• WORK INSTRUCTION: The data below contains pictures, which are to be skipped; the lines starting at the line with "min−1; V = 0.4 L" and ending at the line with "PR ASIAN CARVED" are to be output exactly, both ends included.

*** Opening DATA EXTRACTS ***

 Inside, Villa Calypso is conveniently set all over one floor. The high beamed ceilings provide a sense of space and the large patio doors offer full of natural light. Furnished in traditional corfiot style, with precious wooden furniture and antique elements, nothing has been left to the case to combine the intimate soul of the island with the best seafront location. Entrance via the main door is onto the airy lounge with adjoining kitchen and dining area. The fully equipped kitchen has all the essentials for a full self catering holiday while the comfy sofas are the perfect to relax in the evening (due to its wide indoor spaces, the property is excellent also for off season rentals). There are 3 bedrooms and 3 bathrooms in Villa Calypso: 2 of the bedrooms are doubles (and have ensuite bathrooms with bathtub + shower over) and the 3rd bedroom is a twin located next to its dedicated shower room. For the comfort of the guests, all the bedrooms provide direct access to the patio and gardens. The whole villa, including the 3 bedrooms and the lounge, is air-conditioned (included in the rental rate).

*** Closing DATA EXTRACTS ***
*** Opening DATA EXTRACTS ***

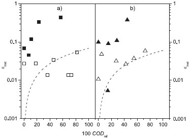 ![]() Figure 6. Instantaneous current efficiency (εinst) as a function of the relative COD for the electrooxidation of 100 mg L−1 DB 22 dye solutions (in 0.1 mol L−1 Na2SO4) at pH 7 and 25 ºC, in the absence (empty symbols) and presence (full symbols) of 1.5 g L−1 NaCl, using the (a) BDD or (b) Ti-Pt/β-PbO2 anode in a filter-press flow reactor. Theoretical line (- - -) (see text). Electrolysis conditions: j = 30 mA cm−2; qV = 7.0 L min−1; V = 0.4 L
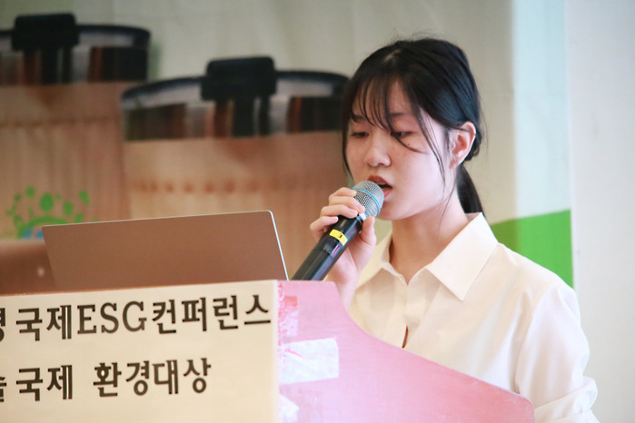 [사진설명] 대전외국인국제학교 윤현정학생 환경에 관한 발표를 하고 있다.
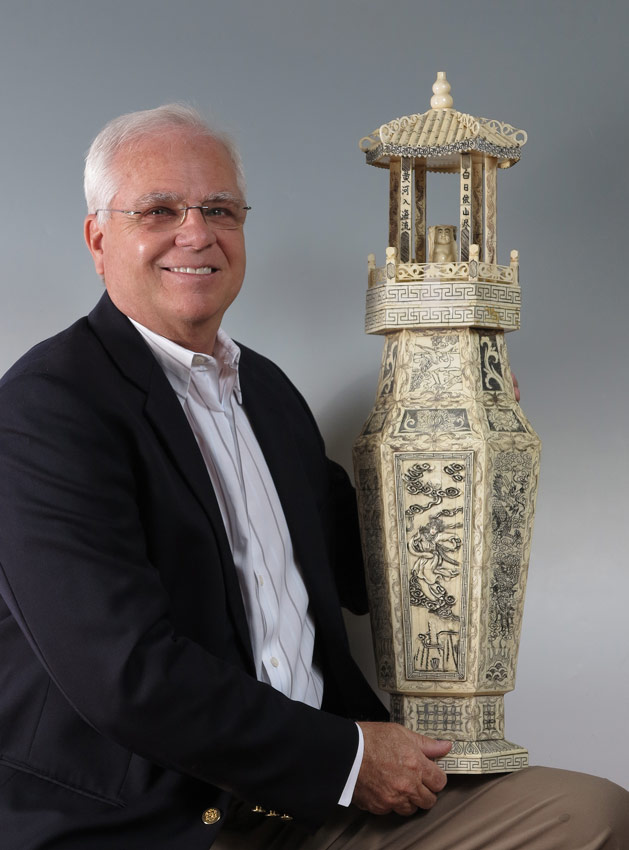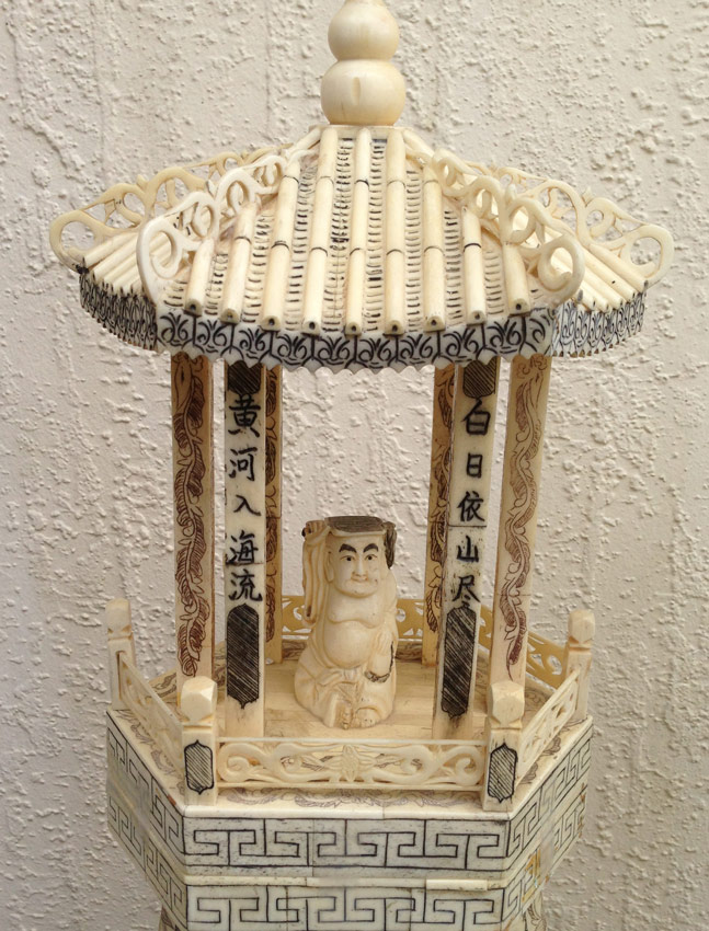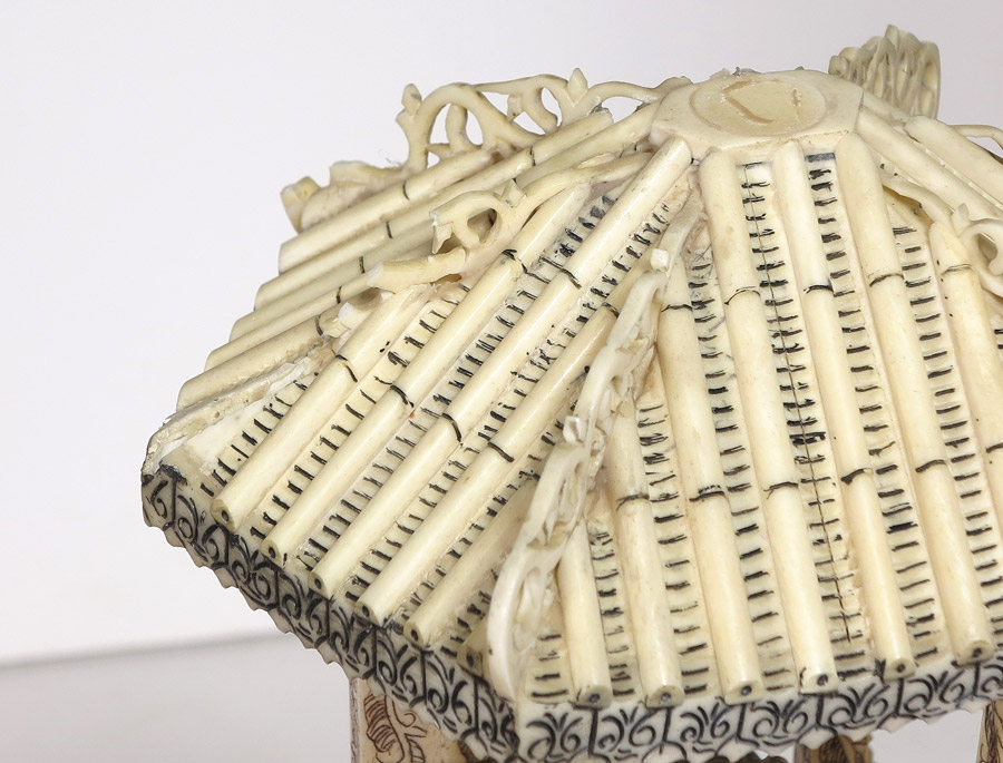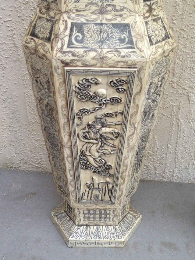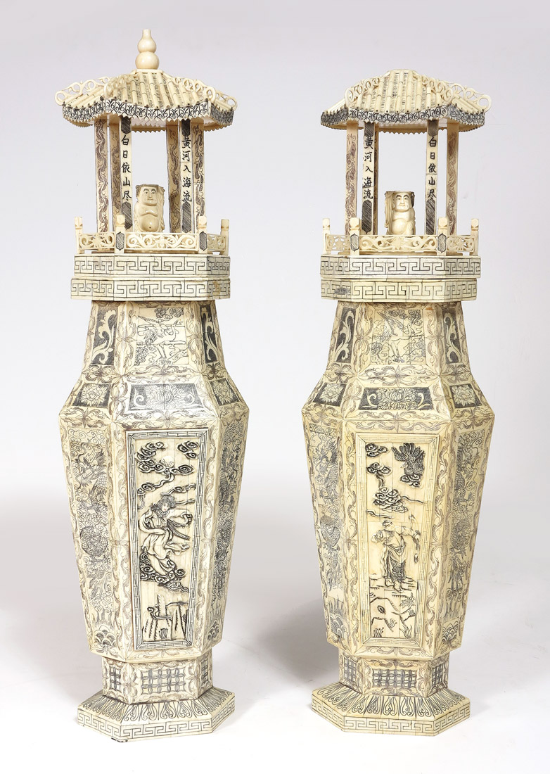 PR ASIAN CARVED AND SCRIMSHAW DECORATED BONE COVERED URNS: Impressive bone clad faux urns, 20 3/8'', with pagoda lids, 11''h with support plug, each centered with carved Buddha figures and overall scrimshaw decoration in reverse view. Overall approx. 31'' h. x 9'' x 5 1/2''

*** Closing DATA EXTRACTS ***

• WRITTEN ANSWER:
 ![]() Figure 6. Instantaneous current efficiency (εinst) as a function of the relative COD for the electrooxidation of 100 mg L−1 DB 22 dye solutions (in 0.1 mol L−1 Na2SO4) at pH 7 and 25 ºC, in the absence (empty symbols) and presence (full symbols) of 1.5 g L−1 NaCl, using the (a) BDD or (b) Ti-Pt/β-PbO2 anode in a filter-press flow reactor. Theoretical line (- - -) (see text). Electrolysis conditions: j = 30 mA cm−2; qV = 7.0 L min−1; V = 0.4 L
 [사진설명] 대전외국인국제학교 윤현정학생 환경에 관한 발표를 하고 있다.
 PR ASIAN CARVED AND SCRIMSHAW DECORATED BONE COVERED URNS: Impressive bone clad faux urns, 20 3/8'', with pagoda lids, 11''h with support plug, each centered with carved Buddha figures and overall scrimshaw decoration in reverse view. Overall approx. 31'' h. x 9'' x 5 1/2''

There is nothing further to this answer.